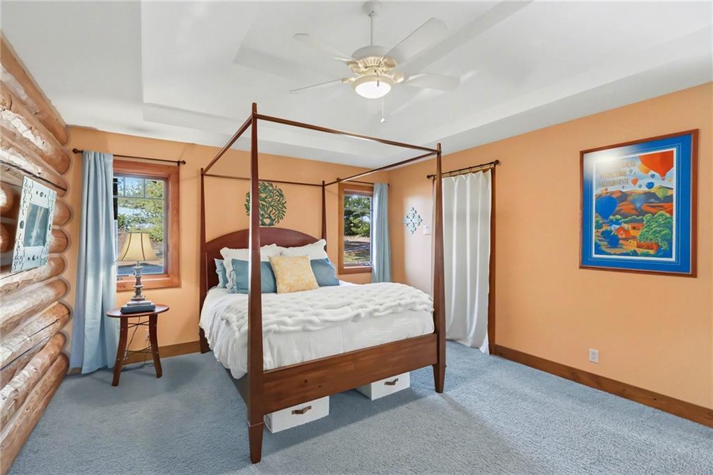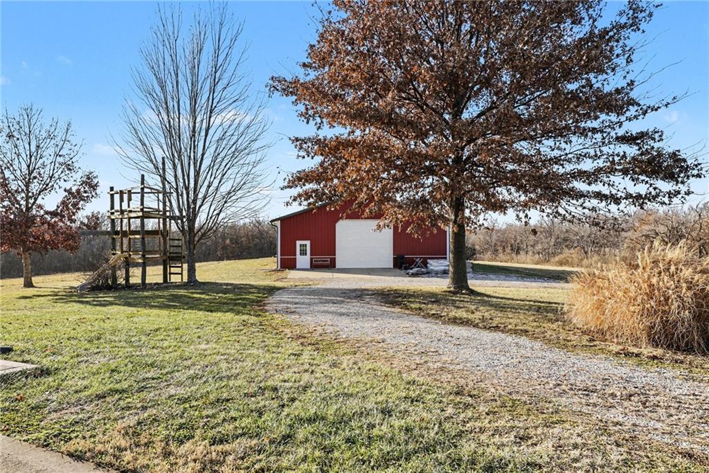 Tucked away on 23 breathtaking acres, this 3,162 sq. ft. Craftsman ranch–style custom log home offers a rare blend of thoughtful design, and unmatched natural surroundings. Built in 2003 and lovingly maintained by its original owners, the home showcases full-round log construction in the central living areas, featuring exposed log trusses, open doorways, and a striking Palladian-style arched picture window that fills the space with natural light. Covered front and back porches invite you to relax and take in the peaceful setting, while cedar-sided, stick-built wings balance beauty with functionality. The main level is designed for effortless living, offering a spacious kitchen, living and dining areas, a walk-in pantry, and custom cabinetry and built-ins throughout. The primary suite includes a full bathroom and a walk-in closet. Two additional bedrooms, a second full bath, multiple linen closets, and a convenient laundry/mudroom are also on this main level. The finished walkout basement expands the living space with a fourth bedroom, third full bathroom, open living/game room, bar, safe room, and abundant storage—including a large utility room and under-stair storage. Comfort and efficiency in the home are enhanced by central air, a heat pump with propane backup, a wood stove fireplace, a radon mitigation system, and high-speed fiber internet. Outdoors, the property is equally impressive with an attached extra deep two-car garage, concrete driveway and patio, 42’ x 64’ shop/barn with a 12-foot door, circular gravel drive, garden shed, raised garden beds, and a landscaped backyard bonfire ring. Crafted from dead-standing pine and fir timber sourced from Wyoming, this one-of-a-kind home is perfectly positioned on a paved, lightly traveled road just one mile from Smithville Lake’s Mecca Access and boat ramp—offering true country living without gravel roads. The acreage borders U.S. Corps of Engineers land along Smithville Lake, ensuring privacy and protected views.
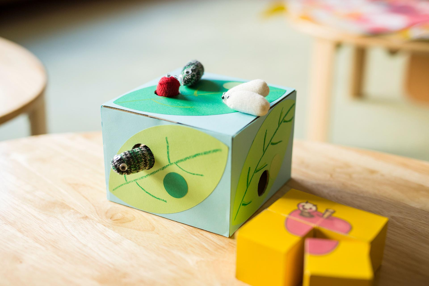 1日の流れは「あいさつ」から始まり、「うた&運動」「絵本」「思考&概念」「手先活動」と続きます。手先を動かす体験型のハンドメイド教材を中心に、フェルトなど多様な素材を使い、子どもが主体的に学べる工夫をしました。
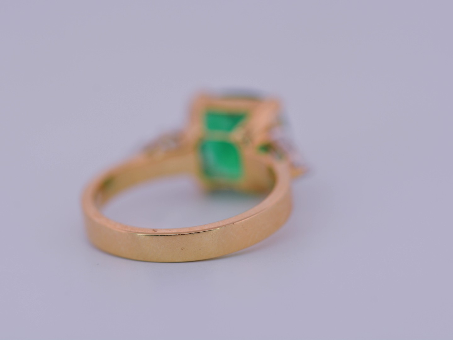 Quality ring with 1 emerald of +-3.00CT, vivid green + 2 pear-shaped diamonds of +-1.00CT, color: F-G and clarity: VS. Set in 18kt yellow gold. Ring size: 52-54.
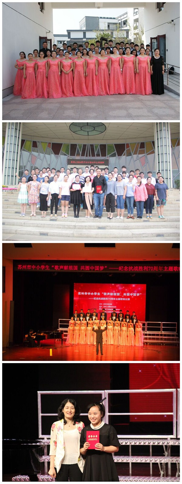 2015年9月24日,我校声乐特长班的四十名同学在王锋老师和刘珈老师的带领下来到苏州工业园区青少年活动中心参加苏州市中小学“歌声献祖国,共圆中国梦”——纪念抗战胜利七十周年主题歌咏比赛。
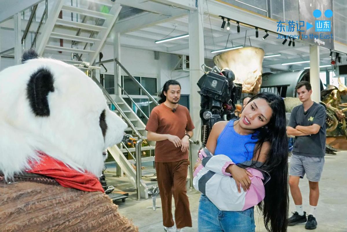The foreign couple interact with a panda prop that mimics human facial expressions at Building 212 of China Movie Metropolis in the West Coast New Area of Qingdao, East China's Shandong province, on Sept 18. [Photo provided to chinadaily.com.cn]
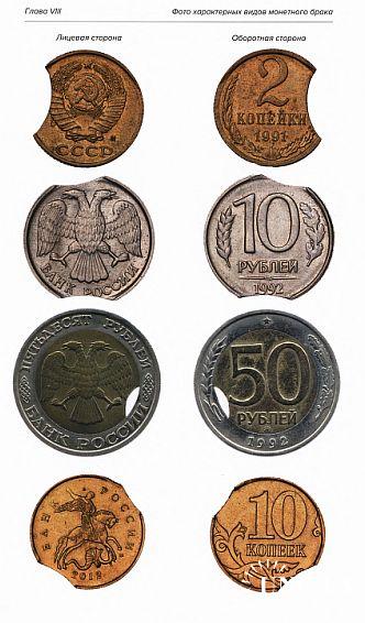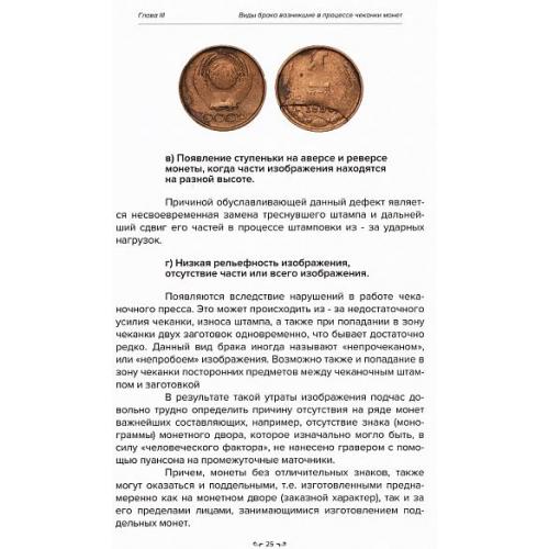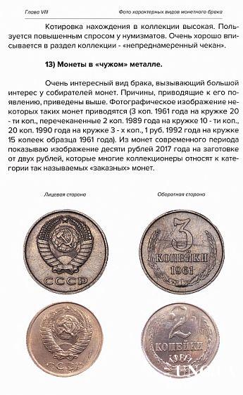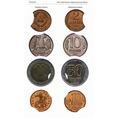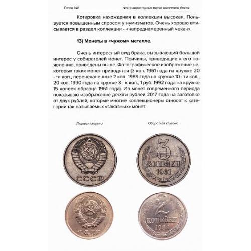 Уточнена стоимость как на монеты с признаками брака, так и на обычные тиражные монеты СССР и России. (на момент выхода книги)
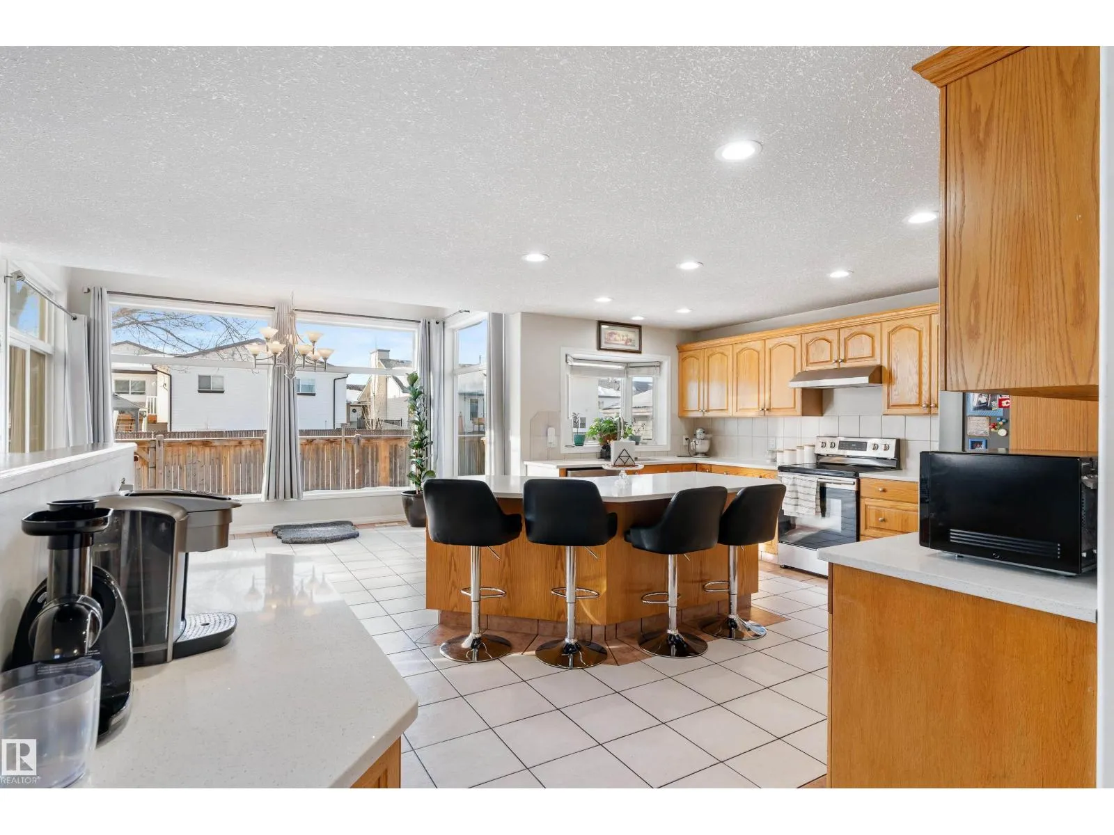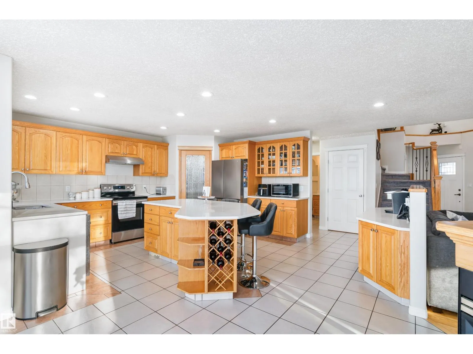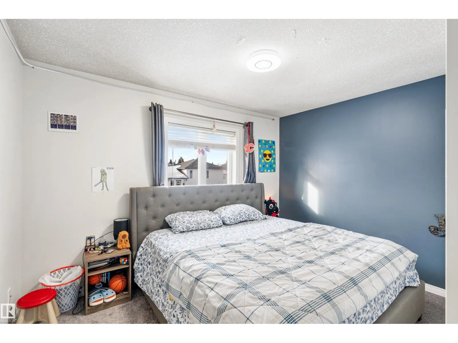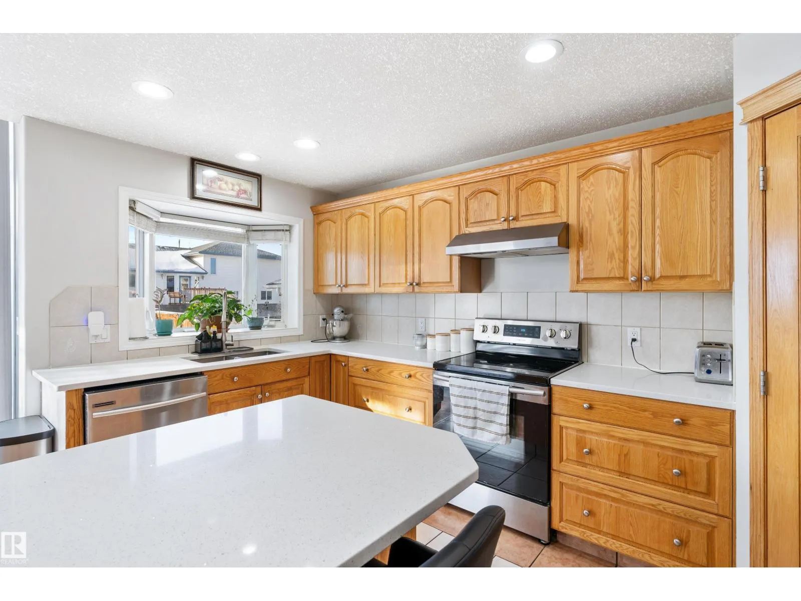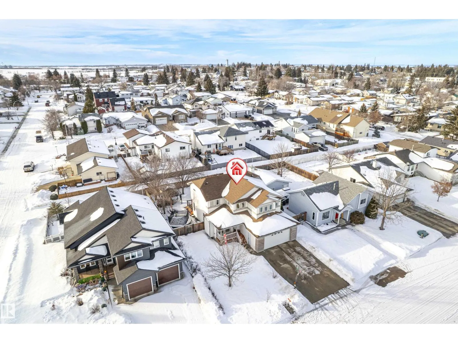 Welcome to this stunning two-storey family home featuring exceptional space and comfort. The main level showcases hardwood floors, a spacious living room with striking navy accent wall, and abundant natural light. The gourmet kitchen boasts rich oak cabinetry, center island with wine storage, stainless steel appliances, and breakfast nook overlooking the backyard. Enjoy the cozy double-sided fireplace connecting the kitchen
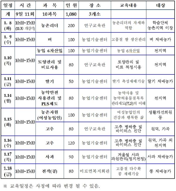 이번 새해농업인실용교육은 새로운 기술 및 경영·유통 등 6차산업을 뒷받침하고, 국내·외 농업여건의 변화에 대응할 수 있는 농업경쟁력 제고와 농촌자원 개발과 관광산업 연계 등 농업인의 소득증대에 중점을 두고 추진한다.
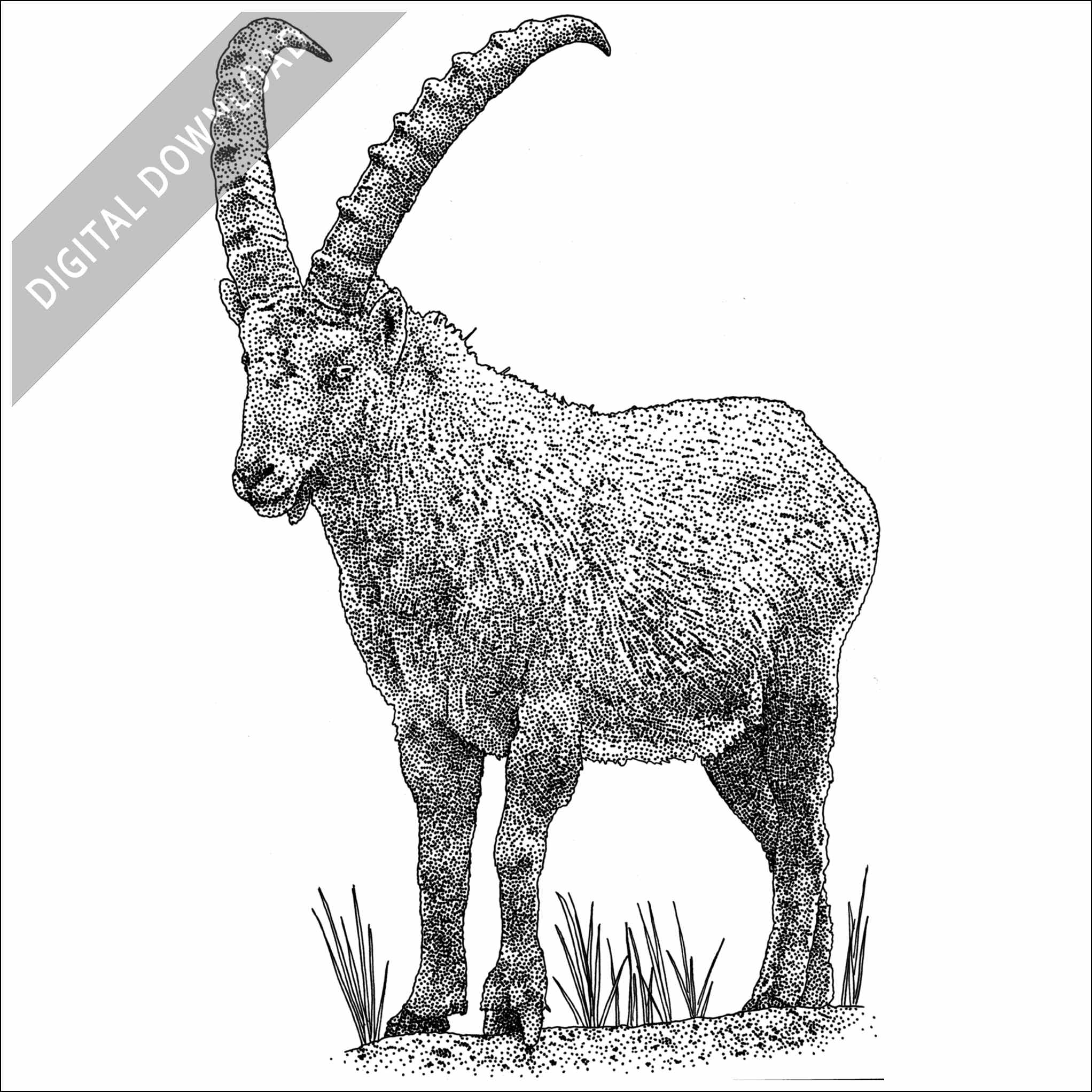 Stock art illustration of an Alpine Ibex (Capra ibex.)Â The illustration is available in black and white or color for immediate download.

■ ■ ■ ■

What you need to do: Skipping all images, print the data above a second time exactly.

Answer for the task:
 Tucked away on 23 breathtaking acres, this 3,162 sq. ft. Craftsman ranch–style custom log home offers a rare blend of thoughtful design, and unmatched natural surroundings. Built in 2003 and lovingly maintained by its original owners, the home showcases full-round log construction in the central living areas, featuring exposed log trusses, open doorways, and a striking Palladian-style arched picture window that fills the space with natural light. Covered front and back porches invite you to relax and take in the peaceful setting, while cedar-sided, stick-built wings balance beauty with functionality. The main level is designed for effortless living, offering a spacious kitchen, living and dining areas, a walk-in pantry, and custom cabinetry and built-ins throughout. The primary suite includes a full bathroom and a walk-in closet. Two additional bedrooms, a second full bath, multiple linen closets, and a convenient laundry/mudroom are also on this main level. The finished walkout basement expands the living space with a fourth bedroom, third full bathroom, open living/game room, bar, safe room, and abundant storage—including a large utility room and under-stair storage. Comfort and efficiency in the home are enhanced by central air, a heat pump with propane backup, a wood stove fireplace, a radon mitigation system, and high-speed fiber internet. Outdoors, the property is equally impressive with an attached extra deep two-car garage, concrete driveway and patio, 42’ x 64’ shop/barn with a 12-foot door, circular gravel drive, garden shed, raised garden beds, and a landscaped backyard bonfire ring. Crafted from dead-standing pine and fir timber sourced from Wyoming, this one-of-a-kind home is perfectly positioned on a paved, lightly traveled road just one mile from Smithville Lake’s Mecca Access and boat ramp—offering true country living without gravel roads. The acreage borders U.S. Corps of Engineers land along Smithville Lake, ensuring privacy and protected views.
 1日の流れは「あいさつ」から始まり、「うた&運動」「絵本」「思考&概念」「手先活動」と続きます。手先を動かす体験型のハンドメイド教材を中心に、フェルトなど多様な素材を使い、子どもが主体的に学べる工夫をしました。
 Quality ring with 1 emerald of +-3.00CT, vivid green + 2 pear-shaped diamonds of +-1.00CT, color: F-G and clarity: VS. Set in 18kt yellow gold. Ring size: 52-54.
 2015年9月24日,我校声乐特长班的四十名同学在王锋老师和刘珈老师的带领下来到苏州工业园区青少年活动中心参加苏州市中小学“歌声献祖国,共圆中国梦”——纪念抗战胜利七十周年主题歌咏比赛。
The foreign couple interact with a panda prop that mimics human facial expressions at Building 212 of China Movie Metropolis in the West Coast New Area of Qingdao, East China's Shandong province, on Sept 18. [Photo provided to chinadaily.com.cn]
 Уточнена стоимость как на монеты с признаками брака, так и на обычные тиражные монеты СССР и России. (на момент выхода книги)
 Welcome to this stunning two-storey family home featuring exceptional space and comfort. The main level showcases hardwood floors, a spacious living room with striking navy accent wall, and abundant natural light. The gourmet kitchen boasts rich oak cabinetry, center island with wine storage, stainless steel appliances, and breakfast nook overlooking the backyard. Enjoy the cozy double-sided fireplace connecting the kitchen
 이번 새해농업인실용교육은 새로운 기술 및 경영·유통 등 6차산업을 뒷받침하고, 국내·외 농업여건의 변화에 대응할 수 있는 농업경쟁력 제고와 농촌자원 개발과 관광산업 연계 등 농업인의 소득증대에 중점을 두고 추진한다.
 Stock art illustration of an Alpine Ibex (Capra ibex.)Â The illustration is available in black and white or color for immediate download.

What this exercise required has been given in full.